We should be pushing a new patch release of spaCy today that fixes a couple of bugs. Once that’s out, I think the current build we have of Prodigy could be considered a release candidate. If there are no further problems found we’ll go ahead and make the v1.8 release. However, please do be patient.
That sounds good.
I develop a system and currently it’s not productive. The NLP part is integrated and the annotations are used on a higher level evaluation process. In Spacy we use for example EntityRuler and are set to 2.1 otherwise. If we go back to the 2.0 there are problems with the current scripts. So the use of prodigy 1.7 is not productive to go there for debugging when an upgrade takes place in the near future.
So I don’t care about problems with 2.0 models. I have to integrate the frontend functionally and RC should be sufficient.
How do I get the RC / V1.8? My licence was bougt by my Company.
Just out of curiosity, what types of patterns do you have that are 10+ tokens long? While there can always be edge cases (like, trying to match a span with lots of punctuation etc. that ends up lots of tokens), you usually don't want to be matching sequences this long when annotating in Prodigy. Keep in mind that phrase patterns (e.g. "pattern": "some string") really only return exact string matches.

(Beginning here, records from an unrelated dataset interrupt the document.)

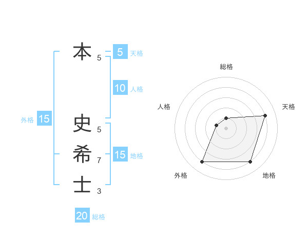 本 史希士さんの天格は5画の4点!
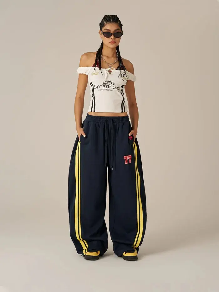 ·The baggy silhouette and side stripes add sporty charm—perfect for weekend coffee runs, park strolls, or laid-back errand days
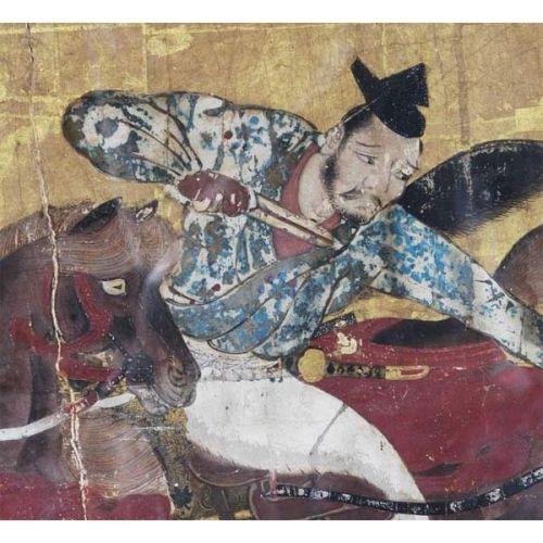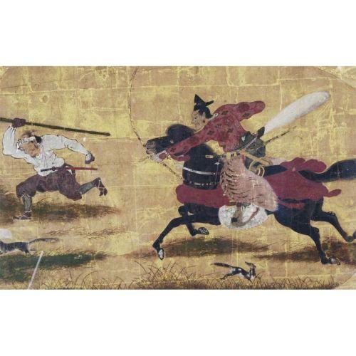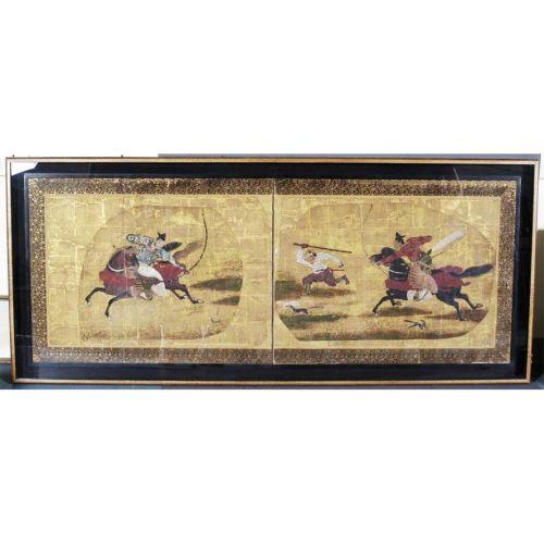 1 FRAMED JAPANESE SCREEN<BR>with painted hunting scene<BR>the screen 27"x68"<BR>19th century <BR>CONDITION REPORT: scratches and surface wear.<BR>PACKING AND SHIPPING - see recommended.

So unless your data really contains a lot of mentions of those exact strings, the pattern likely won't be that useful, either.
Yes, it is the case that I’m looking for exact pattern matches. In my case, the entities I’m looking for have a lot of overlap with generic, non-entity terms (imagine an entity Red Bumblebee which is the same as a generic term red bumblebee), and the text isn’t very long so there is not much context for the model to derive to determine if entity or generic – this is my elementary understanding of what’s possible though, so I will try your suggestion, at least that way I can get started and see how the results are looking
@trevorwelch Yes, this makes sense. So it looks like you might just have a few outliers in your patterns then? The pattern length limit only occurs if the string you want to match consists of 10 or more tokens in total. If those examples are important for your use case, you can always add annotations for them later – but working with shorter patterns only will probably still let you cover the most frequent entities.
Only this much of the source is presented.